Segment Start: Exercise data

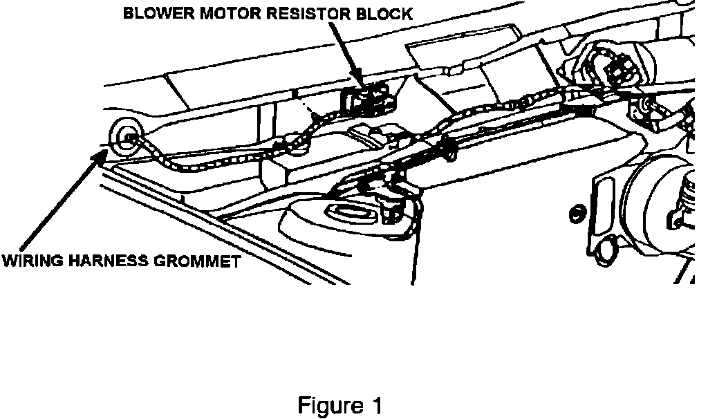 3. In the engine compartment, remove the existing blower motor resistor block, as outlined in the appropriate service manual, and replace it with resistor block P/N 4462841, see Figure 1.
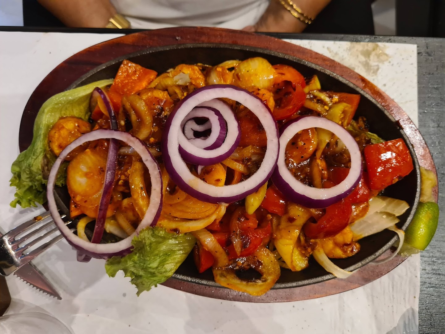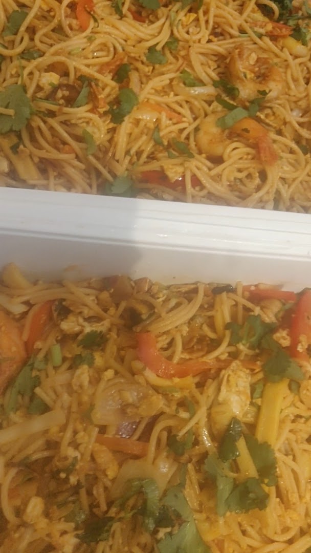 Блюдо: Nouille aux crevettes. Описание блюда: Nouille sauté à l'œuf, crevettes, poireaux, tomates, poivrons, choux blancs et sauce massala spécialité du chef.
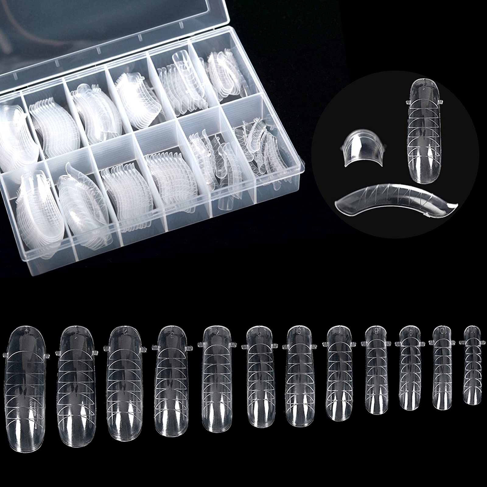 KADS 120PCS Clear Full Cover Dual Nail System Form UV Gel Acrylic Nail Art Mold Artificial Nail Tips with Scale for Extension (MODEL 4)

Segment End: Exercise data

Problem to work on >>
The listing above should be repeated word for word, with every image left out.

Exercise answer >>
 3. In the engine compartment, remove the existing blower motor resistor block, as outlined in the appropriate service manual, and replace it with resistor block P/N 4462841, see Figure 1.
 Блюдо: Nouille aux crevettes. Описание блюда: Nouille sauté à l'œuf, crevettes, poireaux, tomates, poivrons, choux blancs et sauce massala spécialité du chef.
 KADS 120PCS Clear Full Cover Dual Nail System Form UV Gel Acrylic Nail Art Mold Artificial Nail Tips with Scale for Extension (MODEL 4)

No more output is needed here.